_Dataset entries_:
· · · · · · ·
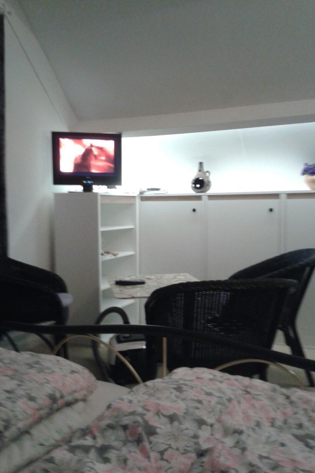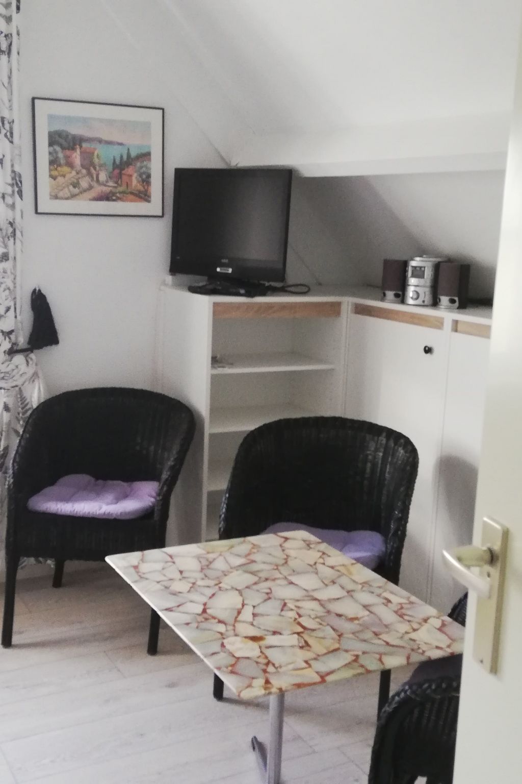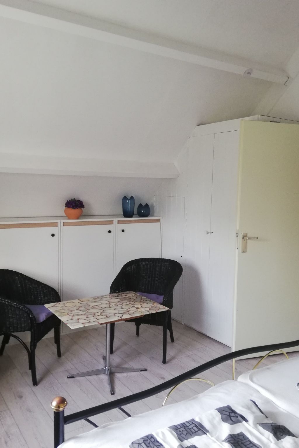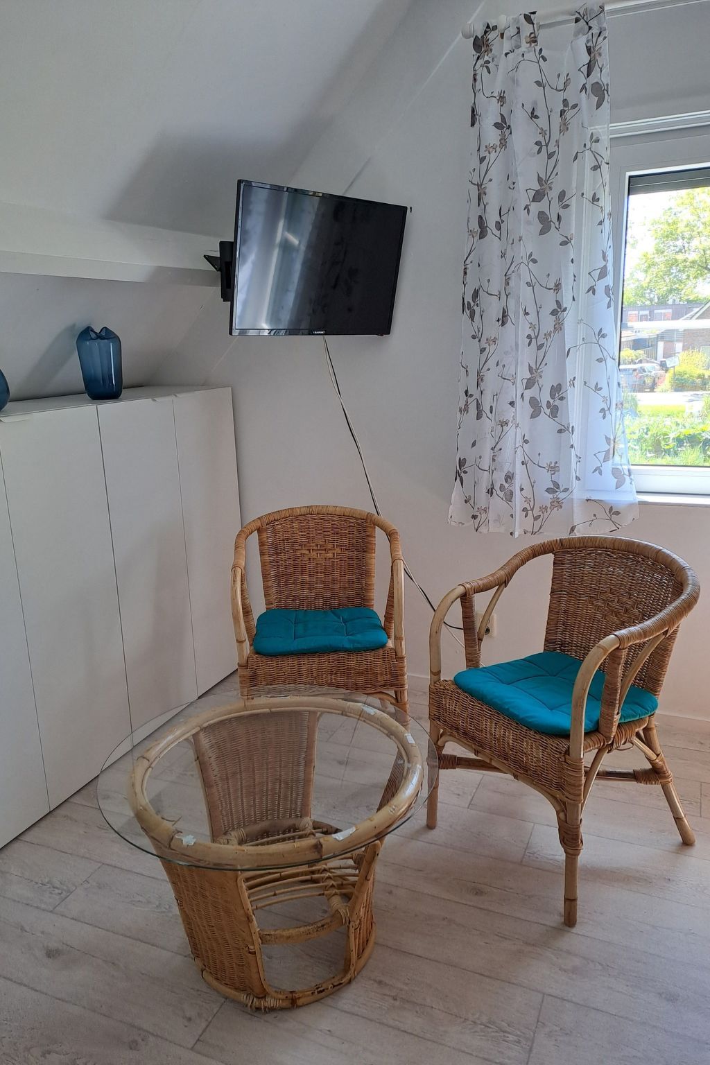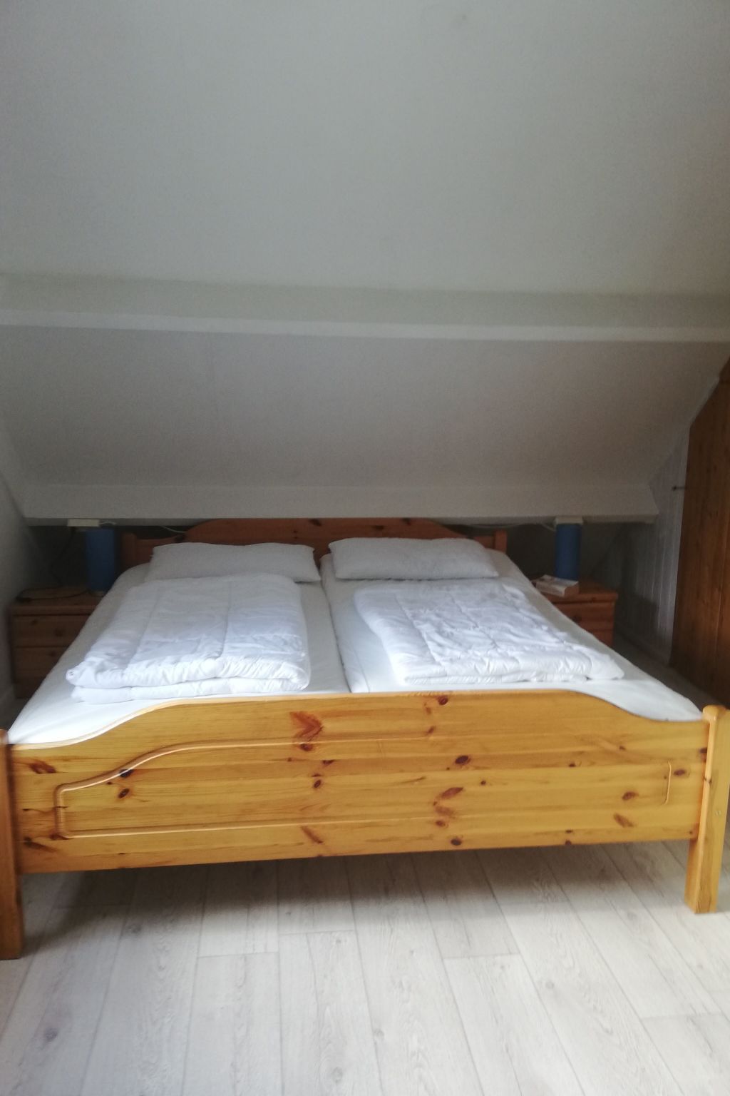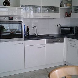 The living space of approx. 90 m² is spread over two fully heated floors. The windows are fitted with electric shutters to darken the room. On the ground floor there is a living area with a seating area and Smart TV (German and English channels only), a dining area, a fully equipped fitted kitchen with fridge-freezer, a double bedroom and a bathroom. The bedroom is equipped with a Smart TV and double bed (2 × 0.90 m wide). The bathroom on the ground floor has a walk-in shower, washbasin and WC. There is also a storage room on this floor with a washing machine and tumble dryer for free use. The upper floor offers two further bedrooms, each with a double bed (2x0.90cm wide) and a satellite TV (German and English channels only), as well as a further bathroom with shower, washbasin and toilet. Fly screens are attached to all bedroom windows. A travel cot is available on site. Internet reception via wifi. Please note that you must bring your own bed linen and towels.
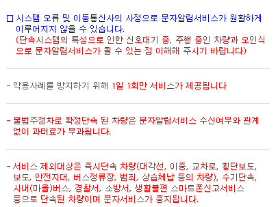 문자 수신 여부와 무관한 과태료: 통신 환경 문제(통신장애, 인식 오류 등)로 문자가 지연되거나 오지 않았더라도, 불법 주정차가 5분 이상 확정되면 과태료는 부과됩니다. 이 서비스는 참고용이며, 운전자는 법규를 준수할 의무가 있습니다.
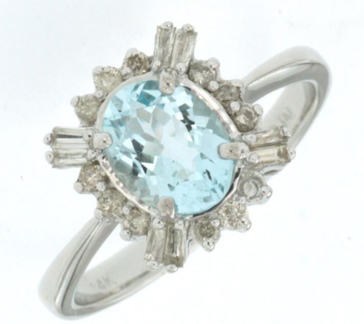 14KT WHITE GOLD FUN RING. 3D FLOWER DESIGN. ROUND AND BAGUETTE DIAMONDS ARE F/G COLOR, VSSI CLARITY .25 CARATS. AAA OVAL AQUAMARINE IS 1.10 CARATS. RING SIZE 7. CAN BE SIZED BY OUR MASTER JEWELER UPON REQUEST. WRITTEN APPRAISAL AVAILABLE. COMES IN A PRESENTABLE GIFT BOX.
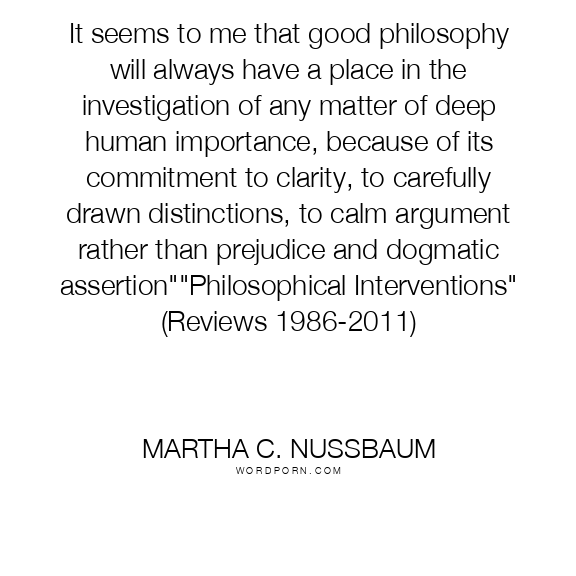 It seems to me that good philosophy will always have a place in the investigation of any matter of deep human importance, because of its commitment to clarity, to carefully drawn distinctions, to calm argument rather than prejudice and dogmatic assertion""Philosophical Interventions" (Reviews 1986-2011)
· · · · · · ·
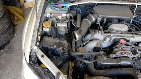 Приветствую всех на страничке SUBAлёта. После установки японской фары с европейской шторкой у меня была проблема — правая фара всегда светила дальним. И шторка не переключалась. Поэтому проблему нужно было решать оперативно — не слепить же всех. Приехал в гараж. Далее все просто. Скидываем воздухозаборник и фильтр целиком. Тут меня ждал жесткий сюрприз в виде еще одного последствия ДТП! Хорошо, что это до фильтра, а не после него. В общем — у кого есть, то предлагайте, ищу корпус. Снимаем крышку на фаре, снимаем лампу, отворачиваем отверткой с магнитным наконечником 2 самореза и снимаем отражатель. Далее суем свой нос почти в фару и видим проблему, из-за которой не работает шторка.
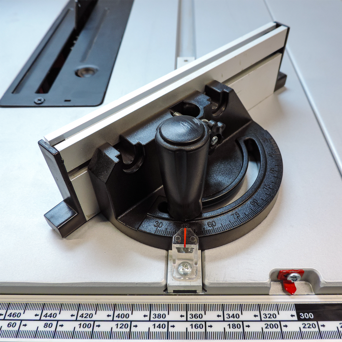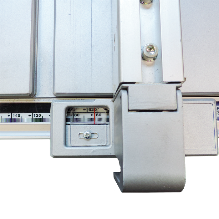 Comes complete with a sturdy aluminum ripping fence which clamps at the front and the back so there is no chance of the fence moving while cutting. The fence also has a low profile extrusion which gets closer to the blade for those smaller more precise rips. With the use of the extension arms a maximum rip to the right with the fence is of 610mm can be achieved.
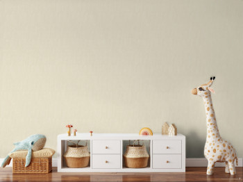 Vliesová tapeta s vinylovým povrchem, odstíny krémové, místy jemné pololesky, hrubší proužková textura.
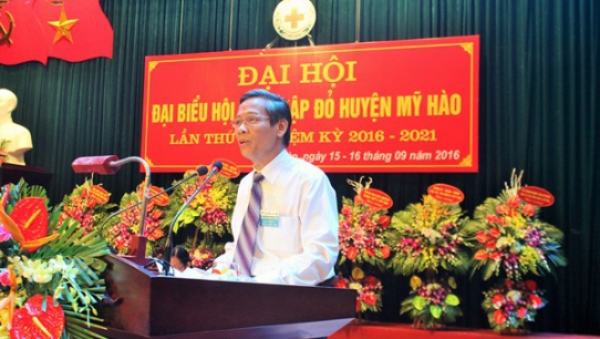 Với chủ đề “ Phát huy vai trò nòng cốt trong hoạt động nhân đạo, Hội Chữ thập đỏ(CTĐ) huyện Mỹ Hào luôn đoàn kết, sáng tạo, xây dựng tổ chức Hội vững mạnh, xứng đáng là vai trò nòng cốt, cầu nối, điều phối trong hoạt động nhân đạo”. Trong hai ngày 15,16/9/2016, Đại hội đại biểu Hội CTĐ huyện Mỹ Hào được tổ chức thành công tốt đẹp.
· · · · · · ·
_Problem to solve_:
Of the lines above, copy only those from the one holding "14KT WHITE GOLD" to the one holding "It seems to", both included, and exclude every image.

_Result for this exercise_:
 14KT WHITE GOLD FUN RING. 3D FLOWER DESIGN. ROUND AND BAGUETTE DIAMONDS ARE F/G COLOR, VSSI CLARITY .25 CARATS. AAA OVAL AQUAMARINE IS 1.10 CARATS. RING SIZE 7. CAN BE SIZED BY OUR MASTER JEWELER UPON REQUEST. WRITTEN APPRAISAL AVAILABLE. COMES IN A PRESENTABLE GIFT BOX.
 It seems to me that good philosophy will always have a place in the investigation of any matter of deep human importance, because of its commitment to clarity, to carefully drawn distinctions, to calm argument rather than prejudice and dogmatic assertion""Philosophical Interventions" (Reviews 1986-2011)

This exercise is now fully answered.